Ask an Expert: Embryologist Part Two

Ask an Expert addresses reader questions every week. Today we share expert insight from Kristen, an Embryologist who will answer a few of your top embryo grading questions. Stay tuned for future posts, as this is part two of the embryology series. If you missed Part One of Ask an Expert, click here.

Do embryo grades really matter?

Statistically, while better graded embryos do have a higher implantation rate and higher clinical pregnancy rate, you cant do anything about the embryos that you have, so I do say, don’t stress too much as you cant do anything about it. Poor quality embryos can make healthy babies, and the most beautiful embryos can fail. Of course, we like to see transfer of good quality embryos, however the reality is, it’s not always possible and that doesn’t mean the chance of pregnancy is impossible.

We do see patients use up all of their good quality embryos and not get a pregnancy, and then with their final, poorer quality embryos, get pregnant. A lot of patients get upset if we tell them their embryos are grade 2 on day 2/3 and they don’t have any grade 1s. But we rarely see grade 1 embryos, so most of our pregnancies are from grade 2s!
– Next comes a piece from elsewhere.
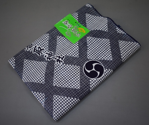 - A01-20【凛々】即決 新古品 本染 ゆかた反物 白 紺 香取神社 未仕立て品

How do you grade embryos? Is the grading system different per clinic? Is there a big difference between a/b/c? Why do embryologists use a good/fair/poor rating on blastocysts?

Different clinics have different grading systems! As an example below:

For cleavage stage embryos (Day 2-3) it is common to grade with the number of cells, amount of fragmentation, symmetry of the cells, how even sized the cells are. For example an 8 cell grade 2. A grade 1 would be perfect, grade 2 would have good cells, a small amount of asymmetry or fragmentation, grade 3 would have very uneven cell sizes or be highly fragmented.

For blastocysts we grade the inner cell mass (ICM) and trophectoderm as A, B, C or some clinics good/fair/poor

Grade A – ICM: lots of cells, plump, good size, trophectoderm will have many distinct cells in a uniform layer

Grade B – ICM: fewer cells, smaller in size, trophectoderm will have fewer layers or appear slightly grainy

Grade C – ICM: very thin or absent, grainy, poor quality, trophectoderm will have very few, irregular shaped cells, very grainy or poor quality

Who decides which embryos are not healthy enough?

We have specific criteria that determine the normal embryo development for each day, and what is suitable quality. The Embryologist will decide what is suitable for transfer, storage or disposal.

What embryo grades have the highest success rates?

img_20191016_194441_4234663613878891847761.jpgStatistically, the higher graded embryos such as a hatching or expanded AA on day 5 have the best success rates. For cleavage stage embryos, studies show embryos that are 4 cell on day 2 and 8 cell on day 3 have a greater chance of success, as do embryos which show signs of early compaction (day 3, as we normally see compaction on day 4).



Kristen has been an Embryologist for 5 and a half years. She studied Biomedical Science and has a Master’s degree in Reproductive Medicine. She’s always had a passion for fertility and a desire to help others going through such a hard and emotional journey.